KARACHI, June 18: The Pakistan State Oil, having a market share of 70 per cent, has sounded a note of caution to the government on reduced level of oil products’ stocks as a result of low throughput being maintained by the local refineries.

The Oil Companies Advisory Committee, however, has been frequently rejecting the possibility of shortage of oil products, especially petrol and diesel. Besides, the committee has also been claiming that refineries are currently running at normal capacity.

However, petroleum dealers have reported 50 per cent cut in supplies of petrol and diesel from the oil marketing companies (OMCs).The PSO informed the petroleum ministry in the second week of this month that it had been making all efforts to avoid any fuel shortage. Besides, international tenders have been issued for petrol and diesel imports to meet the demand and supply gap as well as to maintain the stocks at the desired level.

However, the low supply of products to the PSO from the local refineries has been frustrating the company’s efforts.

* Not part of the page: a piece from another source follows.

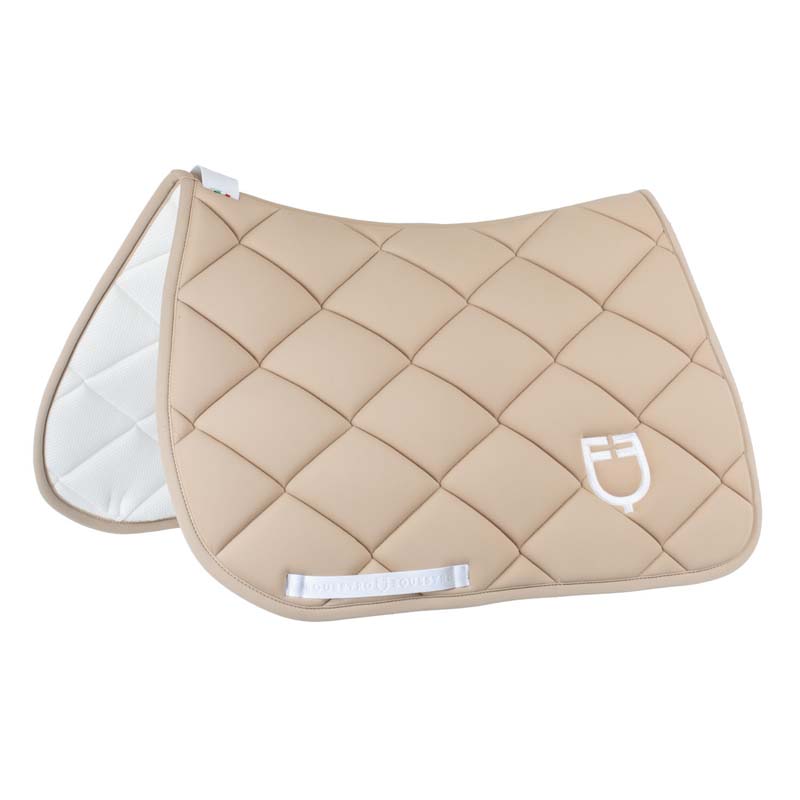 The Equestro GP English saddle pad in padded technical fabric offers comfort, stability and breathability. The honeycomb inner lining enhances sweat evaporation, keeping the horse’s back cool and dry. Available in various colors with contrasting embroidery (white or black).

If the current imbalance continues it will become extremely difficult for the PSO to meet the market demand and it may result in an imminent dry up situation.

The PSO has asked the ministry to issue directives to the local refineries to ensure unrestricted supply of all the products to the PSO by increasing their throughput level beyond 100 per cent to meet country’s strategic needs.

The state-run OMC has also asked the ministry to issue directions to other OMCs to maintain optimum supply in the market in line with the growth in demand.

During May 2008, the overall diesel market surged by 14.6 per cent but the PSO’s growth was 26.3 per cent over the corresponding month of the last year, which is far greater than the industry growth. This is because of the fact that other OMCs are restricting the product availability in the market and are maintaining their supplies to a limited level. The sales of Shell Pakistan dropped by 16 per cent in May over the same period last year.

The PSO informed the petroleum ministry that Shell Pakistan and Chevron Pakistan were abruptly deferring the diesel cargoes after the allocation of laycans (window available for product discharge) from the OCAC and deficit planning in the products review meeting.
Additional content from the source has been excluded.